> [Data to examine]
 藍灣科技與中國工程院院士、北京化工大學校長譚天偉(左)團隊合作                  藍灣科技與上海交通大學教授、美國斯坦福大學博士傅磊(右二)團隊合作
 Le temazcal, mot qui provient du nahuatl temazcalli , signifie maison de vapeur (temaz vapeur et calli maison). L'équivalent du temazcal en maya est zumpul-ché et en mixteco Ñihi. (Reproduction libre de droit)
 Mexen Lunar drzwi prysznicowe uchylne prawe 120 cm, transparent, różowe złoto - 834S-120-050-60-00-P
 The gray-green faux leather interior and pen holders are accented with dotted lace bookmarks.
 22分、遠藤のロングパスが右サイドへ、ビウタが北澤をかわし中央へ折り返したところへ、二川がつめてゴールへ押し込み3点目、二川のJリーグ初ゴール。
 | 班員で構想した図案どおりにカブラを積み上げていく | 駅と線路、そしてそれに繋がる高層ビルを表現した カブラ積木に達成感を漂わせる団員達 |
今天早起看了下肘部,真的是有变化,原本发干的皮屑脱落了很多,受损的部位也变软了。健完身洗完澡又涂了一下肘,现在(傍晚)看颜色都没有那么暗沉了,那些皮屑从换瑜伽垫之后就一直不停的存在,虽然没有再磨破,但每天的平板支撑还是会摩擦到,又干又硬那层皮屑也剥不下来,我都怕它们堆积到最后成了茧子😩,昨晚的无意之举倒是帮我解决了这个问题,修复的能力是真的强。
--
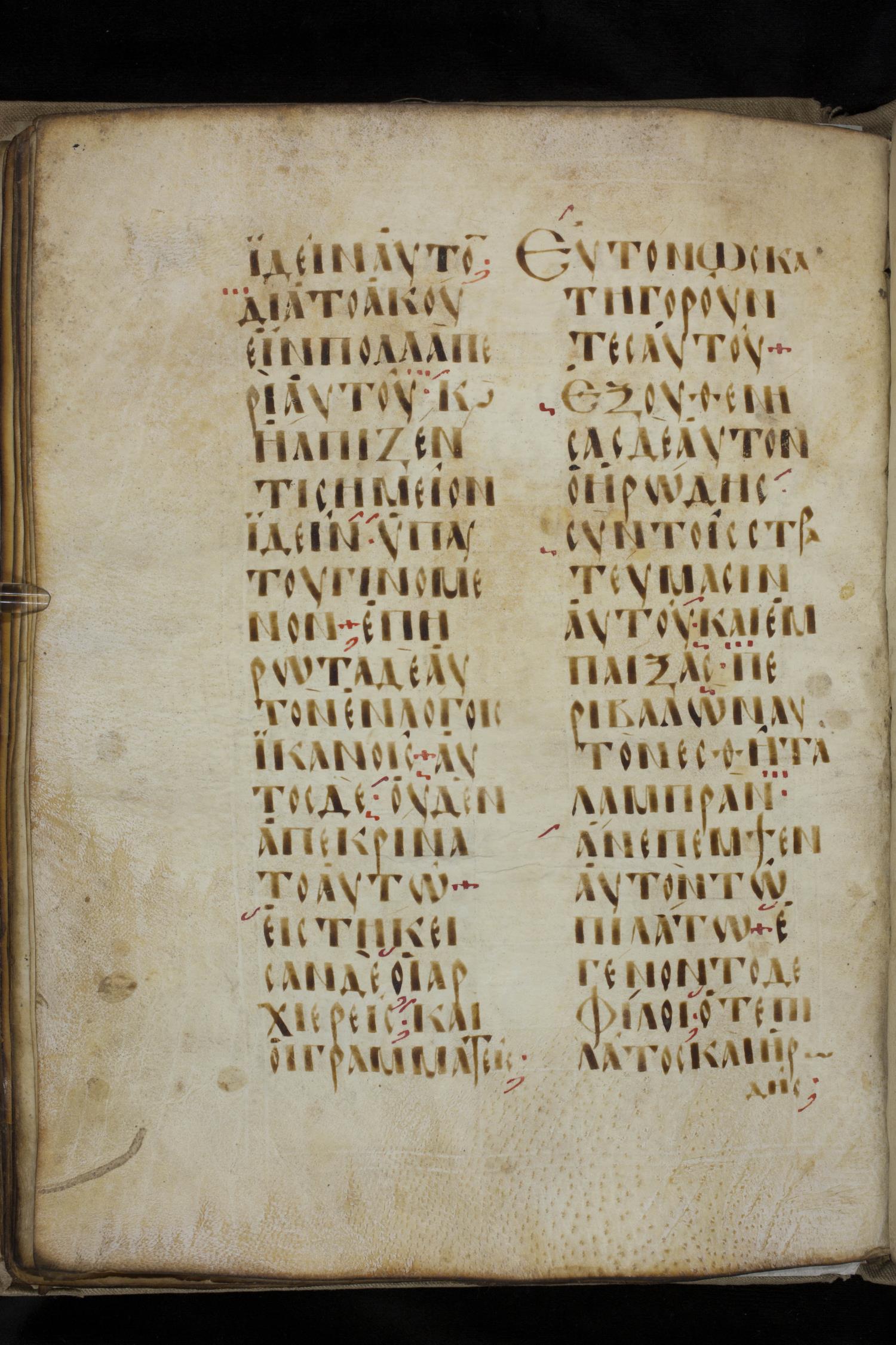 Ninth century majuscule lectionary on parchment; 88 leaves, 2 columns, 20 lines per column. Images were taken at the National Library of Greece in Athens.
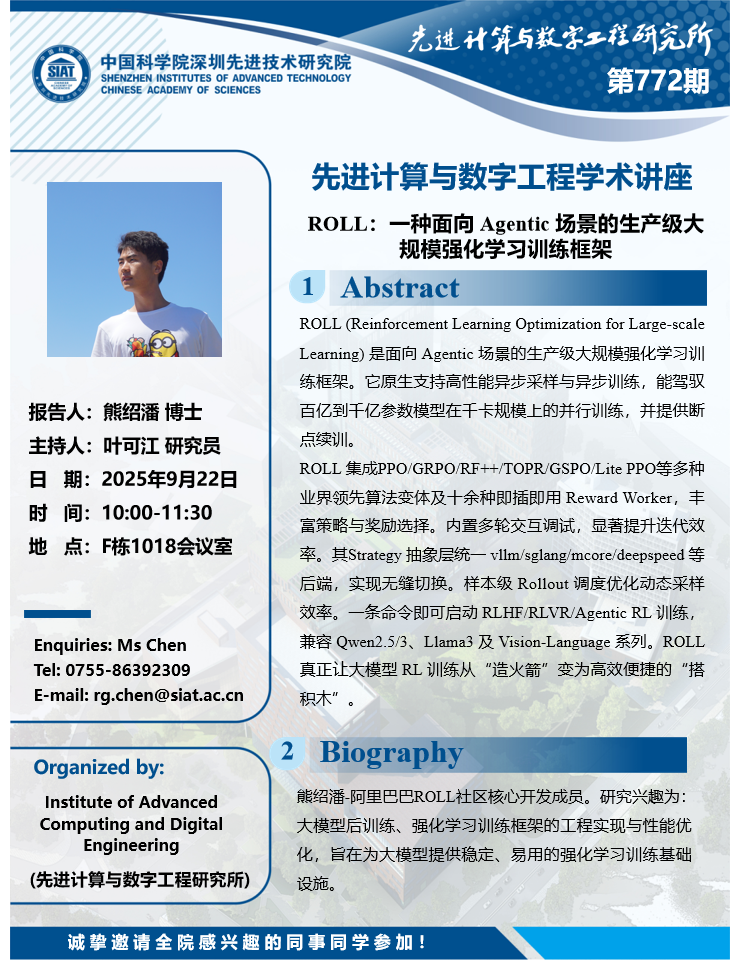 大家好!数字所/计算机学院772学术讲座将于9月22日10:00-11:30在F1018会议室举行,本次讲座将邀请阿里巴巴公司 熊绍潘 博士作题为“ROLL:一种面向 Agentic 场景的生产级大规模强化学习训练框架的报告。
...
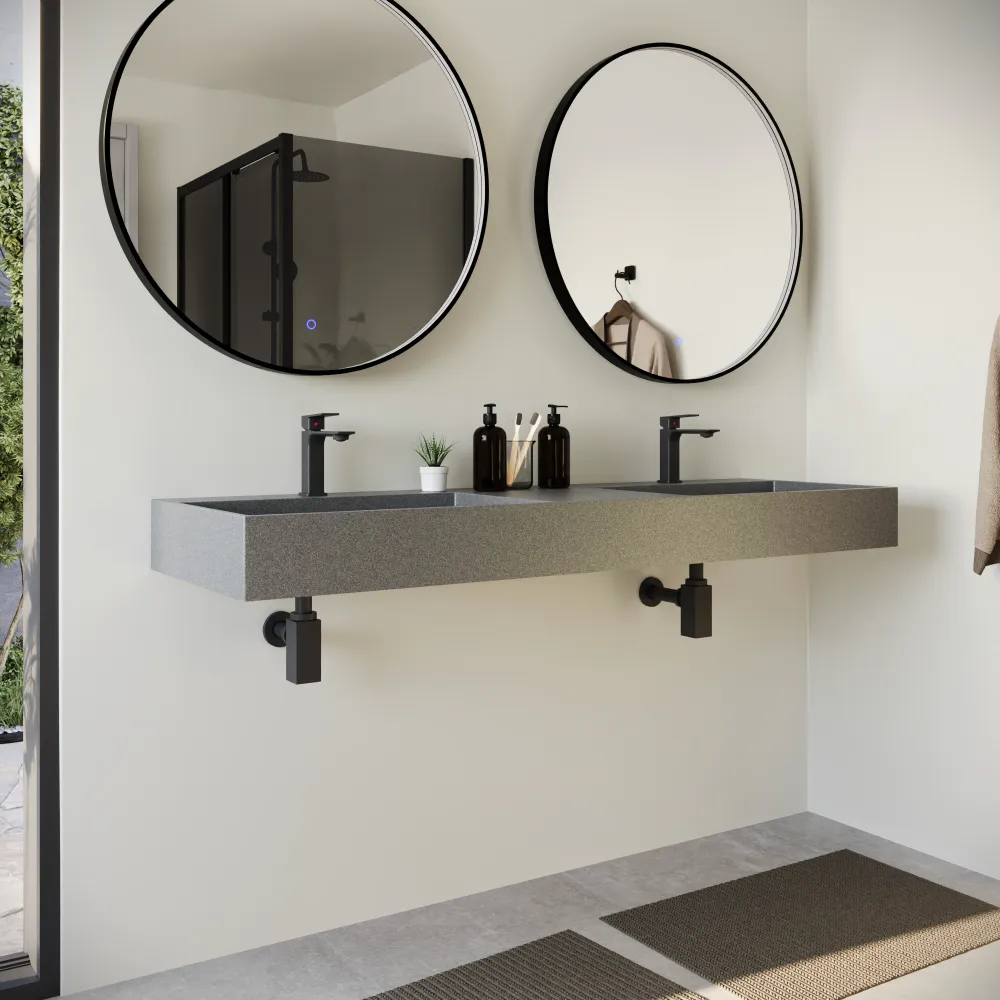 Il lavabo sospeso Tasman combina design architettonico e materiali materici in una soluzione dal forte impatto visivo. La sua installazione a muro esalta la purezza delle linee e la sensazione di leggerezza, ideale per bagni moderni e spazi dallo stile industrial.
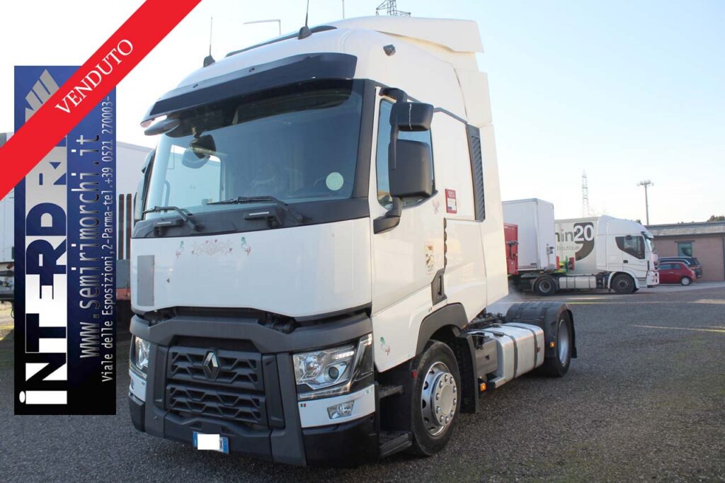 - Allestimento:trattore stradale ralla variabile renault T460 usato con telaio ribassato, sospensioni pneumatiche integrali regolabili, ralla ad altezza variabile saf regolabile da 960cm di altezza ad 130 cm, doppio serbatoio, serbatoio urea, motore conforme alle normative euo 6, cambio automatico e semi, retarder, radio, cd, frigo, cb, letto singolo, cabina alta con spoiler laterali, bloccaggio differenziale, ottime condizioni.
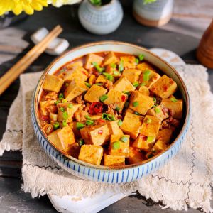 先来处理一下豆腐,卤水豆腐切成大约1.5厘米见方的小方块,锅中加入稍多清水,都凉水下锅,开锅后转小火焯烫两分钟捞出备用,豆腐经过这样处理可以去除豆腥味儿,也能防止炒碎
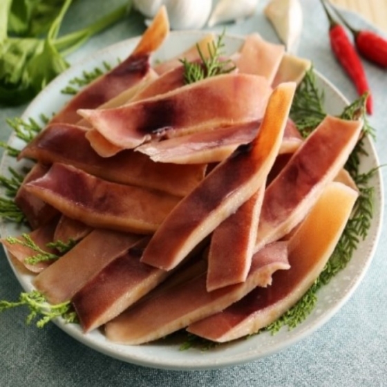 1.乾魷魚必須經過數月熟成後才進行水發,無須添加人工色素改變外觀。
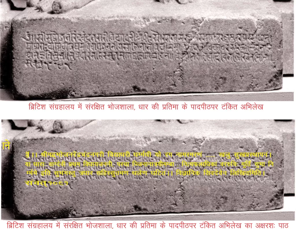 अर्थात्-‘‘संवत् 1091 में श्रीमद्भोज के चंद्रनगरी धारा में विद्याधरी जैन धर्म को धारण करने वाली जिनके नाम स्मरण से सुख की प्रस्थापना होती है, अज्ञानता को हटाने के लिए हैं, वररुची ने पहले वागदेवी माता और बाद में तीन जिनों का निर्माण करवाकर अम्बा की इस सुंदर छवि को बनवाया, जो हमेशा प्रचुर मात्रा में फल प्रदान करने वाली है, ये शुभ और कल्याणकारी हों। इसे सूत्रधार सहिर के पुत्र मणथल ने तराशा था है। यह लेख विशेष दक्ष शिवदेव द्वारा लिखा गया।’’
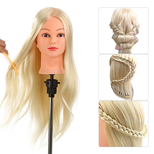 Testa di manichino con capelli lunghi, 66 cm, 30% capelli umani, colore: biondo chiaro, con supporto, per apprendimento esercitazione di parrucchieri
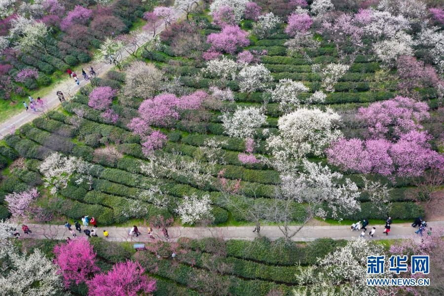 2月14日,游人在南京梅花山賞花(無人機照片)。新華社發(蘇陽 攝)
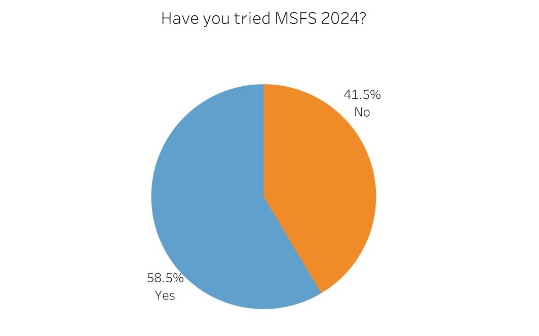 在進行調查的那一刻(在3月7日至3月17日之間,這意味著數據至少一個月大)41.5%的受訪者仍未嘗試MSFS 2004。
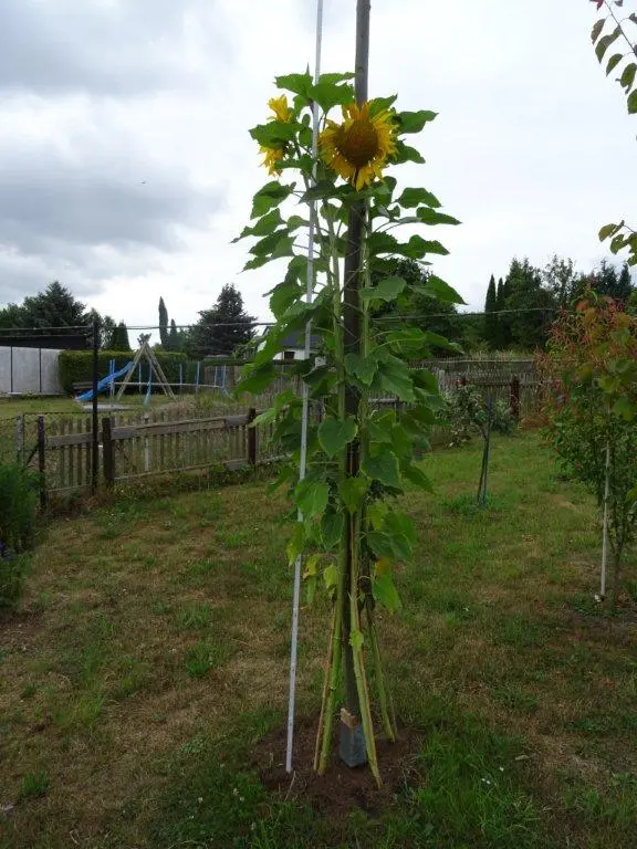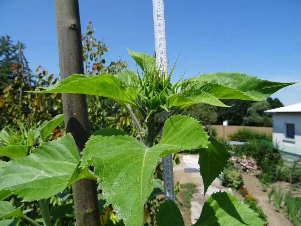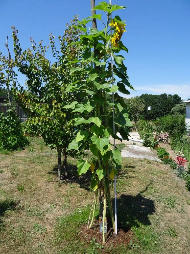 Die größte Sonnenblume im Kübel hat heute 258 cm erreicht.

> [What is being asked] Nothing but the lines above, starting at the line that contains "先来处理一下豆腐,卤水豆腐切" and ending at the line that contains "Die größte Sonnenblume", should be given again, exactly and without the pictures.

> [Output below]
 先来处理一下豆腐,卤水豆腐切成大约1.5厘米见方的小方块,锅中加入稍多清水,都凉水下锅,开锅后转小火焯烫两分钟捞出备用,豆腐经过这样处理可以去除豆腥味儿,也能防止炒碎
 1.乾魷魚必須經過數月熟成後才進行水發,無須添加人工色素改變外觀。
 अर्थात्-‘‘संवत् 1091 में श्रीमद्भोज के चंद्रनगरी धारा में विद्याधरी जैन धर्म को धारण करने वाली जिनके नाम स्मरण से सुख की प्रस्थापना होती है, अज्ञानता को हटाने के लिए हैं, वररुची ने पहले वागदेवी माता और बाद में तीन जिनों का निर्माण करवाकर अम्बा की इस सुंदर छवि को बनवाया, जो हमेशा प्रचुर मात्रा में फल प्रदान करने वाली है, ये शुभ और कल्याणकारी हों। इसे सूत्रधार सहिर के पुत्र मणथल ने तराशा था है। यह लेख विशेष दक्ष शिवदेव द्वारा लिखा गया।’’
 Testa di manichino con capelli lunghi, 66 cm, 30% capelli umani, colore: biondo chiaro, con supporto, per apprendimento esercitazione di parrucchieri
 2月14日,游人在南京梅花山賞花(無人機照片)。新華社發(蘇陽 攝)
 在進行調查的那一刻(在3月7日至3月17日之間,這意味著數據至少一個月大)41.5%的受訪者仍未嘗試MSFS 2004。
 Die größte Sonnenblume im Kübel hat heute 258 cm erreicht.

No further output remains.